Kim Steinmetz
- Country (sports): United States
- Born: December 22, 1957 (age 68) St. Louis, Missouri, US
- Prize money: US$ 163,082

Singles
- Career titles: 0

Grand Slam singles results
- Australian Open: 1R (1981, 1988)
- French Open: 3R (1982)
- Wimbledon: 3R (1984)
- US Open: 2R (1982, 1983, 1988)

Doubles
- Career titles: 0

Grand Slam doubles results
- Australian Open: 1R (1984, 1985, 1988)
- French Open: 2R (1982, 1983, 1986)
- Wimbledon: 2R (1987, 1989)
- US Open: 1R (1981, 1982, 1984, 1985, 1986, 1987)

= Kim Steinmetz =

American tennis player

Kim Steinmetz (born December 22, 1957) is an American former professional Women's Tennis Association (WTA) player.
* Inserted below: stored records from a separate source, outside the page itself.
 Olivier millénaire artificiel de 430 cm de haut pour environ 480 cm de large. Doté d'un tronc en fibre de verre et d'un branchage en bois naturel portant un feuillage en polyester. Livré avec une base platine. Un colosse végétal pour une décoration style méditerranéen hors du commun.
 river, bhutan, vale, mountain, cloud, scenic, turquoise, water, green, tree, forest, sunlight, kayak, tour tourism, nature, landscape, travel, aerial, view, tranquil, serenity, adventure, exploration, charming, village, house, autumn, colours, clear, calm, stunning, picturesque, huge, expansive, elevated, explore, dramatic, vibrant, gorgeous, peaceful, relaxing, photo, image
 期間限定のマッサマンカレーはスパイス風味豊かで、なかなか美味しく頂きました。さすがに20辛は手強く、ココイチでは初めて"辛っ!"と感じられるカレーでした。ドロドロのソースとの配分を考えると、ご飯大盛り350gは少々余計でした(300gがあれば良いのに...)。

She was born and raised in St. Louis, Missouri. She retired from professional tennis in 1989.

== Career highlights ==

Steinmetz competed in over 26 Grand Slam (tennis) tournaments over her 10-year tennis career.
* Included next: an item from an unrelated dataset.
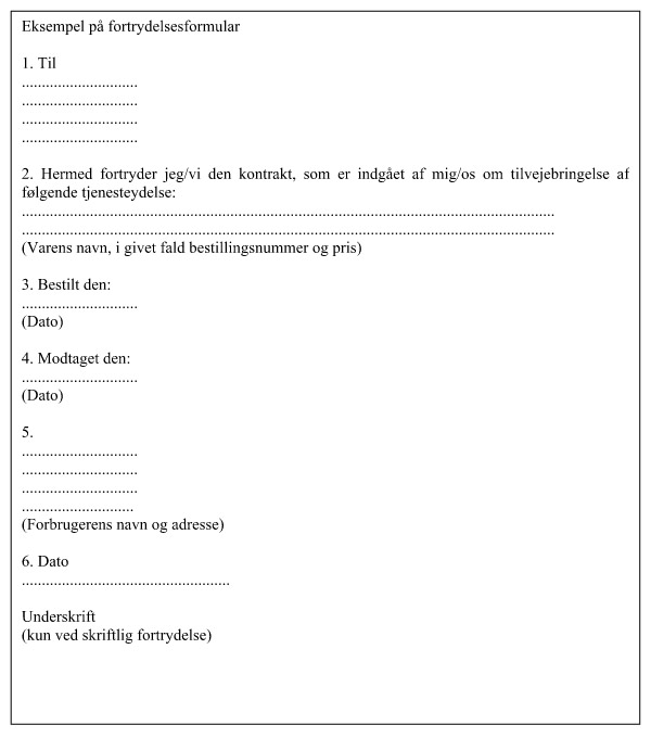Eksempel på fortrydelsesformular iht.bilag 2 til artikel 246a § 1 stk. 2 s. 1 nr. 1 og § 2 stk. 2 nr. 2 i EGBGB (Einführungsgesetz zum Bürgerlichen Gesetzbuch, tysk lov med overgangsforskrifter, regler om forholdet til anden tysk lovgivning samt regler om tysk international privatret)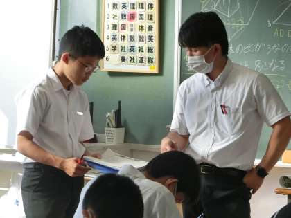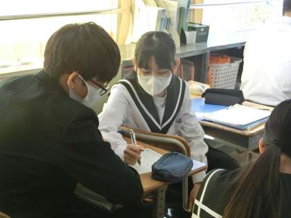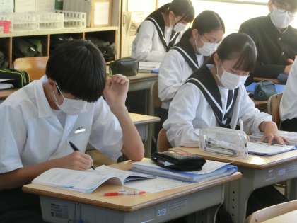 写真は3年4組の数学です。「相似」の学習で「角の二等分線」が条件の場合の問題を解いていました。

Steinmetz' victory over Natasha Zvereva in the 1988 U.S. Open is often cited as her greatest victory. Following her win over Zvereva, Steinmetz lost to Arantxa Sánchez Vicario.

== Post career ==

Following her retirement from professional tennis, Steinmetz began teaching in 1990. She is currently the tennis director at the Missouri Athletic Club.

== Earnings ==

Steinmetz' career earnings on the professional tour totaled $90,856.